On eût dit le disque lunaire, au moment où dans son opposition avec le soleil, il apparaît dans toute sa pureté.
Le silence était absolu entre ces murs sourds et aveugles, qui ne pouvaient ni voir ni entendre. Les deux jeunes gens se crurent dans l'antichambre d'un monument funéraire.
Marcel, avant d'aller se pencher sur la vitre étincelante, eut un moment d'hésitation. Il touchait à son but ! De là, il n'en pouvait douter, allait sortir l'impénétrable secret qu'il était venu chercher à Stahlstadt !
Mais son hésitation ne dura qu'un instant. Octave et lui allèrent s'agenouiller près du disque et inclinèrent la tête de manière à pouvoir explorer dans toutes ses parties la chambre placée au-dessous d'eux.
Un spectacle aussi horrible qu'inattendu s'offrit alors à leurs regards.
Ce disque de verre, convexe sur ses deux faces, en forme de lentille, grossissait démesurément les objets que l'on regardait à travers.
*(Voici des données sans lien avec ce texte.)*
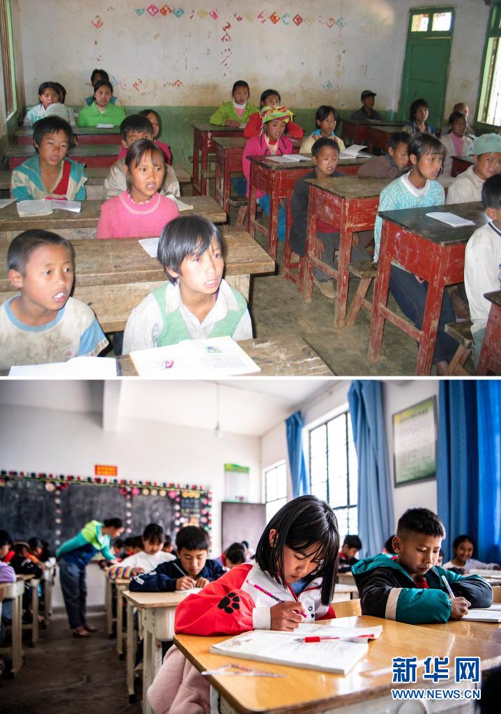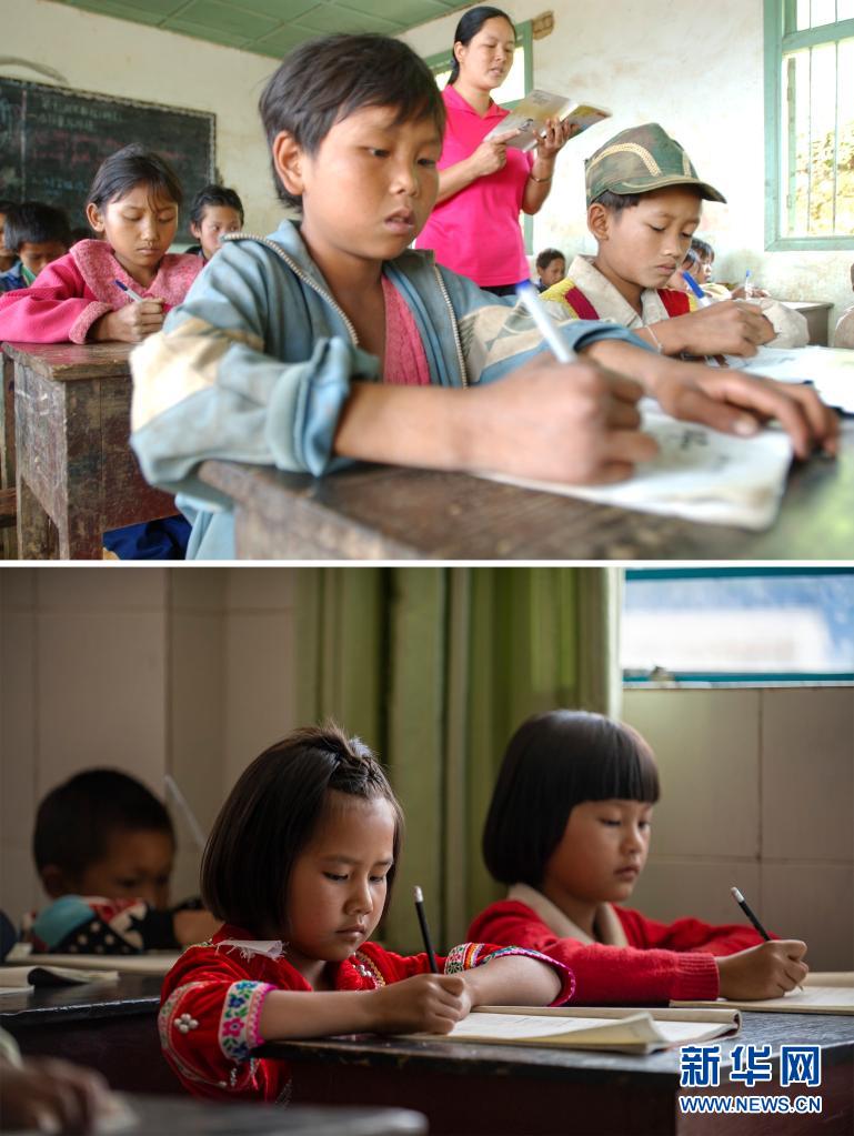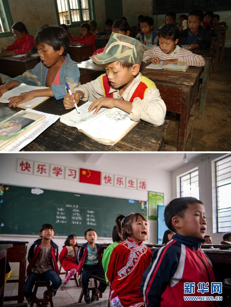 這張拼版照片的上圖:2003年12月6日,云南省瀾滄拉祜族自治縣富邦鄉(xiāng)半山小學(xué)的孩子們?cè)谏险n(新華社記者 李銀 攝);下圖:2021年3月2日,云南省瀾滄拉祜族自治縣富邦鄉(xiāng)半山小學(xué)已撤并到富邦鄉(xiāng)中心完小,這是孩子們?cè)诮淌依锷险n(新華社記者 江文耀 攝)。新華社發(fā)
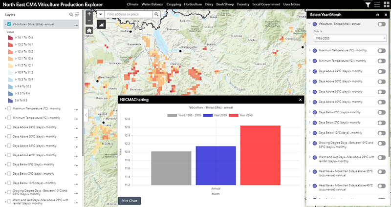 The Viticulture Explorer tool comprises a series of map and graph based views of likely changes in annual crop yields associated with anticipated changes in the climate.  The tool presents the likely changes for Shiraz grapes.
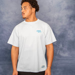 Le t-shirt présente une coupe carrée, un aspect délavé et pèse 240 g/m². Roney mesure 1,77 m et porte une taille L.
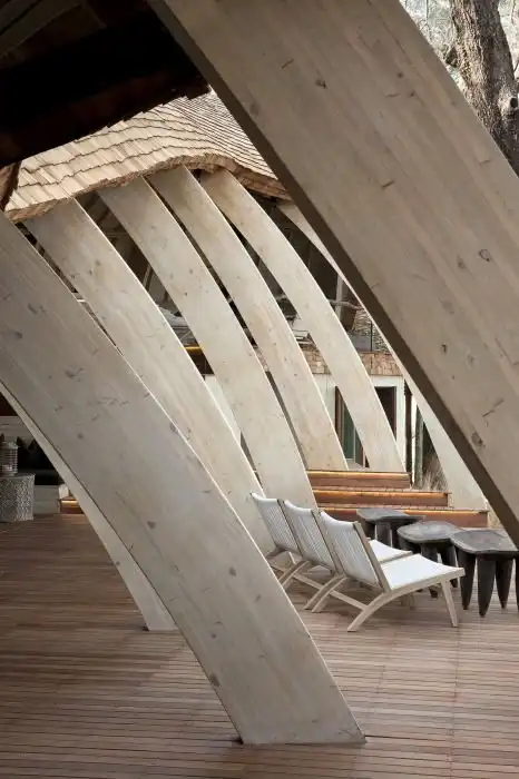 Этот уникальный отель находится в Ботсване и создан для тех, кто хочет почувствовать абсолютное единение с дикой природой. Отель находится посреди одного из заповедников и поражает своими нестандартными решениями, которых вы не встретите ни в одном другом отеле мира.
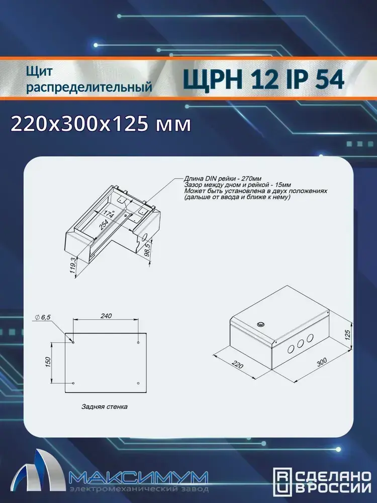 Корпус щита распределительного навесного ЩРН-12 (220х300х125) IP54 , металл
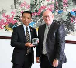 9月19日上午,国际艺术节委员会主席美国贝瀚文大学高级顾问科伦.哈滨逊博士访问我校,副校长李翔代表学校领导对科伦.哈滨逊博士一行的到来表示欢迎。音乐学院院长靳丽芬、国际交流合作处副处长陈静及相关工作人员参加了座谈。
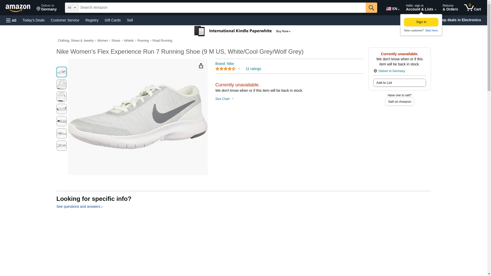 Nike Womens WMNS Flex Experience RN 7 Wolf Grey White Cool Grey Size 11
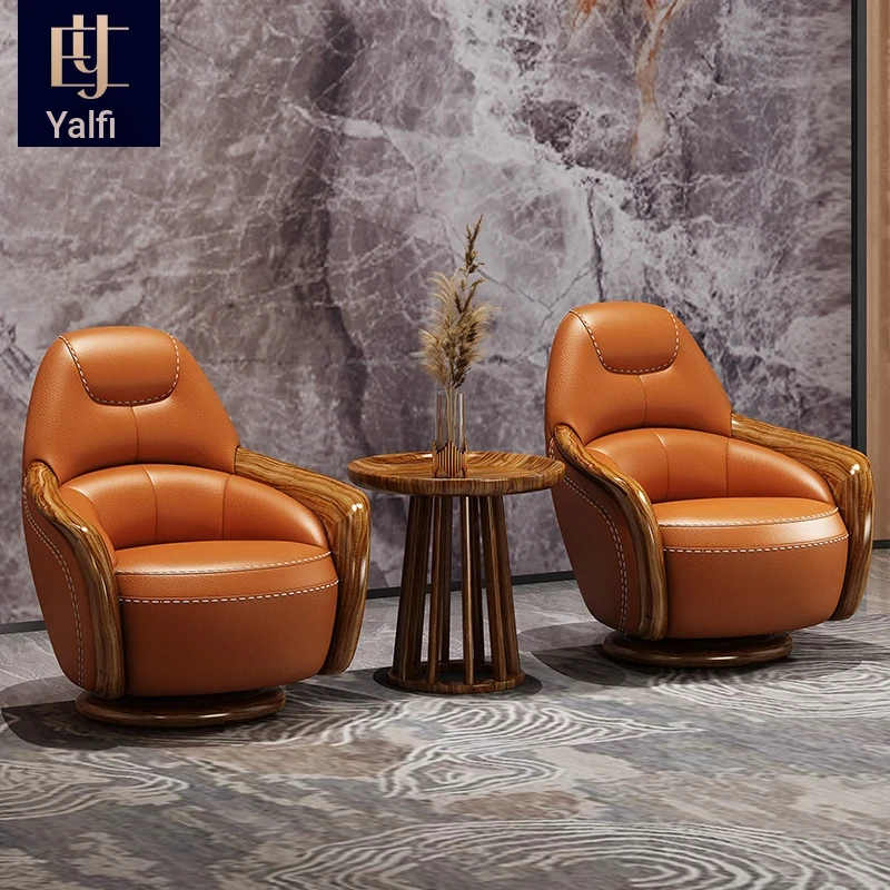 Elegant Blackwood Leisure Chair - Single Seat Negotiation Chair with Solid Wood and First Layer Cowhide, Luxury New Chinese Style Genuine Leather Sofa and Swivel Chair
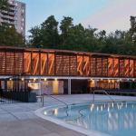 From Memorial Day to Labor Day is high season for this carefully restored pool house. Just outside the city limits of Washington D.C. The shed roof and its deep overhang extend beyond the building’s original walls to provide protected and shady areas. The deep roof overhangs also were designed with the future in mind. It’s now possible for nano glass walls to be installed so that winterization of the some of the spaces of the building—which went from neglected to hugely popular—would eventually be possible.
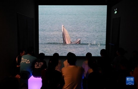 8月26日,游客在國家海洋博物館“鯨奇物語”展區(qū)觀看鯨魚相關科普視頻。
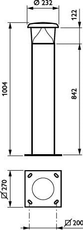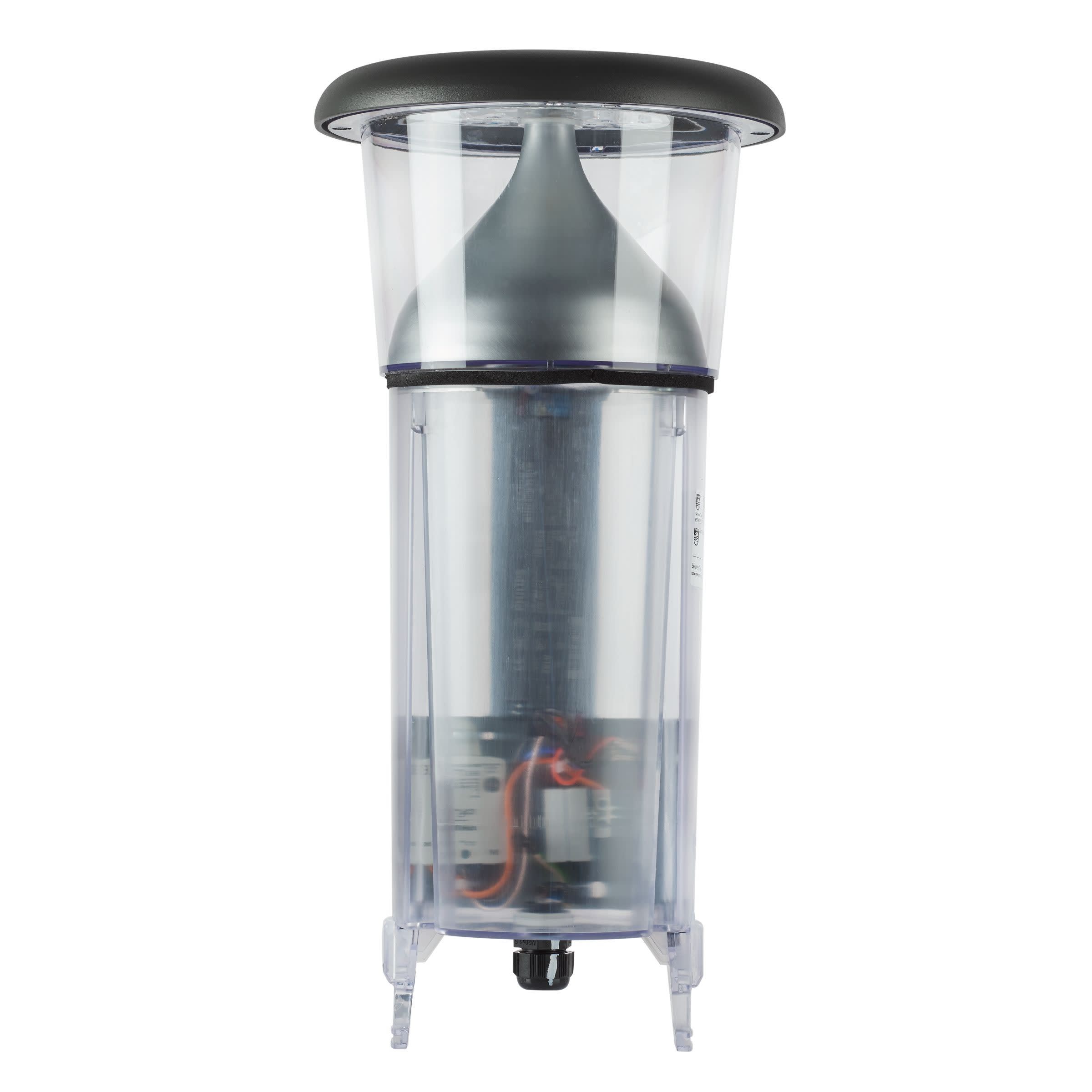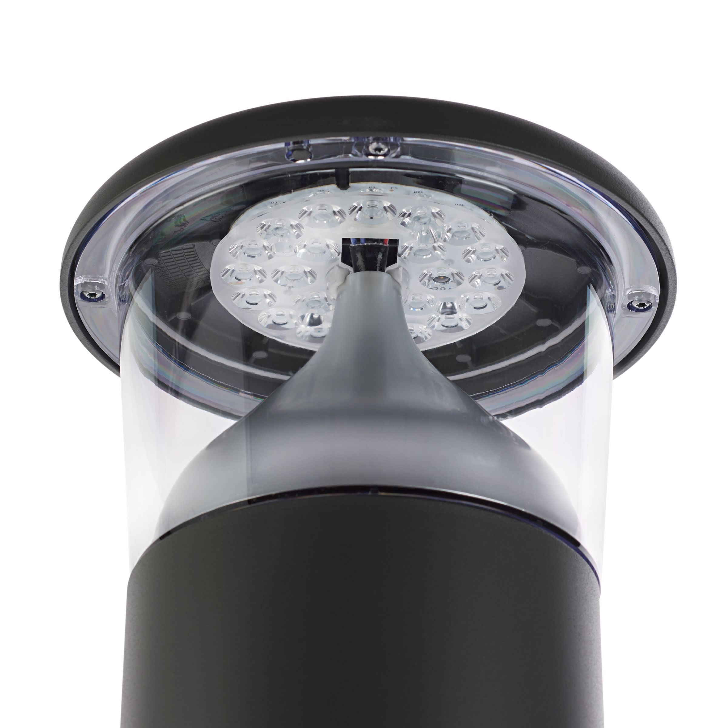 Bollard, H848 mm, Fonte d’aluminium, Noir, Universel pour diamètre 42 à 60 mm réglable, Bloc d’alimentation électrique (Marche/Arrêt), 4900 lm, 37.2 W, 173 lm/W, 4000 K, (0,3818; 0,3796) SDCM 3, CRI70, Symétrique, IP66 | Protection contre la pénétration de poussière, protection contre les jets d’eau, IK10 | 20 J résistance au vandalisme, Classe de sécurité II, Protection contre les surtensions en mode différentiel jusque 6 kV et en mode commun jusque 6 kV, Câble 1,5 m sans prise, Fils/câbles volants
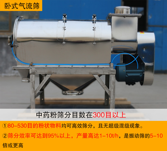 中藥粉篩分目數(shù)在300目以上,在篩分過程中容易造成粉塵飛揚,使中藥粉粘附在篩網(wǎng)上造成堵網(wǎng)現(xiàn)象,所以建議大家選用氣旋篩。
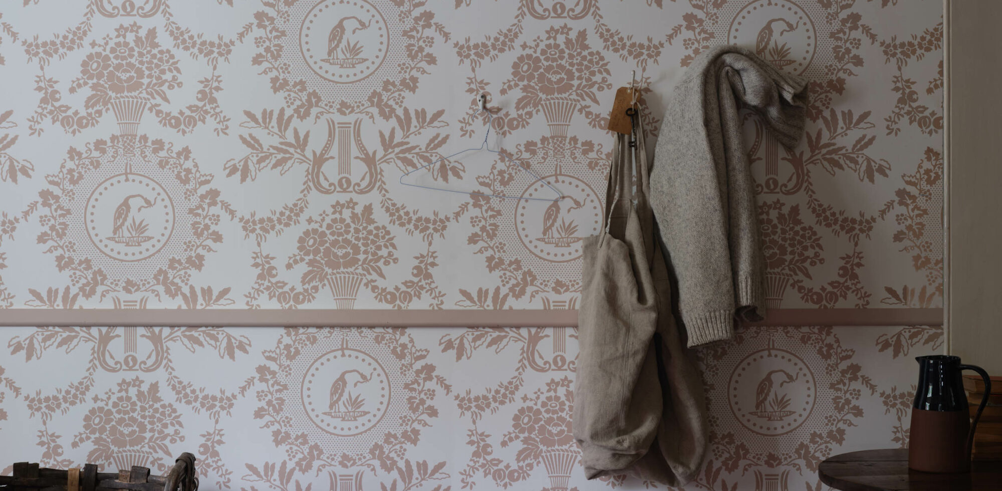 The traditional methods of production used by Farrow & Ball replicate the original papers' texture, depth, and feel. The new wallpapers are made using roller blocks or flatbed printing with paint, depending on the pattern. The most striking pattern of the collection is Purnon, named after the Chateau. Featuring classical elements that symbolize peace, abundance, and prosperity. In contrast, Adelaide is an abstract floral pattern bigger and bolder than the original inspiration while retaining a delicate charm.
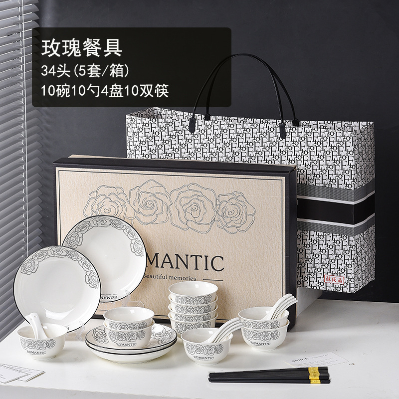 高級陶磁器食器ヘボン風薔薇セット茶碗皿大湯碗スプーン箸皿味皿ギフトボックス
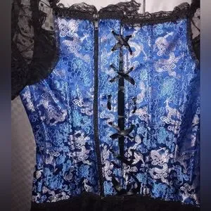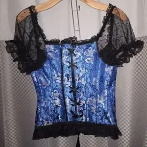 blue and black corset with zip up back closure lace puff sleeve with dot details
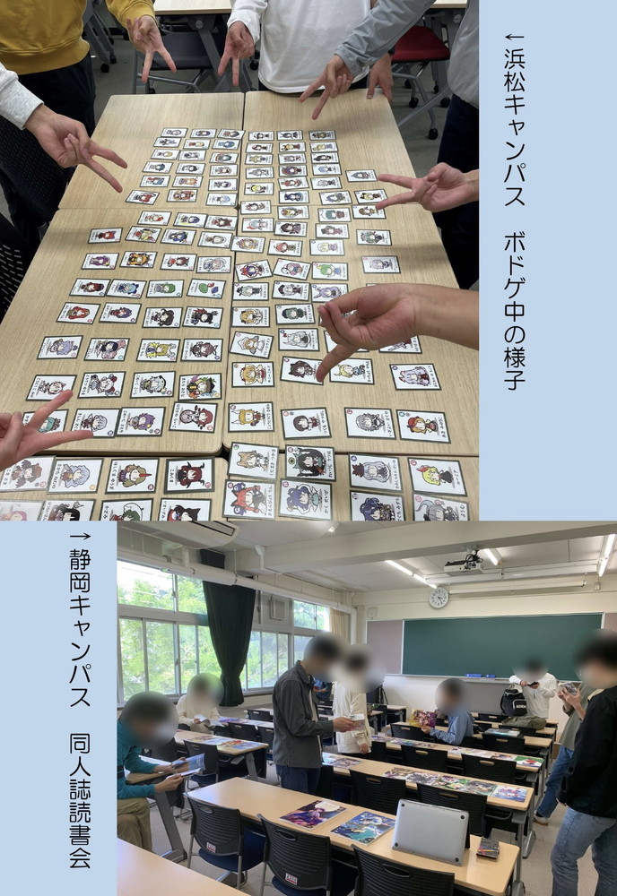 基本的にはdiscordでのボイスチャットや、毎週土曜日の対面活動にて、東方原作などのゲーム、ボードゲームで遊んだり、絵を描くなどの活動を行っています。また、部員で合同の部誌を作成し、例大祭や紅楼夢などのイベントにサークル参加、秋の明學祭(文化祭)に東方アレンジの音楽サークルさんをお招きし、ライブを行うなどの活動も行っています。以前に取材も受けさせて頂きました。https://touhougarakuta.com/article/meigakusai/新入部員の加入方法:

Là était le laboratoire secret de Herr Schultze. L'intense lumière qui sortait à travers le disque, comme si c'eût été l'appareil dioptrique d'un phare, venait d'une double lampe électrique brûlant encore dans sa cloche vide d'air, que le courant voltaïque d'une pile puissante n'avait pas cessé d'alimenter. Au milieu de la chambre, dans cette atmosphère éblouissante, une forme humaine, énormément agrandie par la réfraction de la lentille -- quelque chose comme un des sphinx du désert libyque --, était assise dans une immobilité de marbre.
Autour de ce spectre, des éclats d'obus jonchaient le sol.
Plus de doute !... C'était Herr Schultze, reconnaissable au rictus effrayant de sa mâchoire, à ses dents éclatantes, mais un Herr Schultze gigantesque, que l'explosion de l'un de ses terribles engins avait à la fois asphyxié et congelé sous l'action d'un froid terrible !
Le Roi de l'Acier était devant sa table, tenant une plume de géant, grande comme une lance, et il semblait écrire encore ! N'eût été le regard atone de ses pupilles dilatées, l'immobilité de sa bouche, on l'aurait cru vivant. Comme ces mammouths que l'on retrouve enfouis dans les glaçons des régions polaires, ce cadavre était là, depuis un mois, caché à tous les yeux. Autour de lui tout était encore gelé, les réactifs dans leurs bocaux, l'eau dans ses récipients, le mercure dans sa cuvette !
Marcel, en dépit de l'horreur de ce spectacle, eut un mouvement de satisfaction en se disant combien il était heureux qu'il eût pu observer du dehors l'intérieur de ce laboratoire, car très certainement Octave et lui auraient été frappés de mort en y pénétrant.
Comment donc s'était produit cet effroyable accident ?
Marcel le devina sans peine, lorsqu'il eut remarqué que les fragments d'obus, épars sur le plancher, n'étaient autres que de petits morceaux de verre. Or, l'enveloppe intérieure, qui contenait l'acide carbonique liquide dans les projectiles asphyxiants de Herr Schultze, vu la pression formidable qu'elle avait à supporter, était faite de ce verre trempé, qui a dix ou douze fois la résistance du verre ordinaire ; mais un des défauts de ce produit, qui était encore tout nouveau, c'est que, par l'effet d'une action moléculaire mystérieuse, il éclate subitement, quelquefois, sans raison apparente. C'est ce qui avait dû arriver. Peut- être même la pression intérieure avait-elle provoqué plus inévitablement encore l'éclatement de l'obus qui avait été déposé dans le laboratoire. L'acide carbonique, subitement décomprimé, avait alors déterminé, en retournant à l'état gazeux, un effroyable abaissement de la température ambiante.
Toujours est-il que l'effet avait dû être foudroyant. Herr Schultze, surpris par la mort dans l'attitude qu'il avait au moment de l'explosion, s'était instantanément momifié au milieu d'un froid de cent degrés au-dessous de zéro.
Une circonstance frappa surtout Marcel, c'est que le Roi de l'Acier avait été frappé pendant qu'il écrivait.
Or, qu'écrivait-il sur cette feuille de papier avec cette plume que sa main tenait encore ? Il pouvait être intéressant de recueillir la dernière pensée, de connaître le dernier mot d'un tel homme.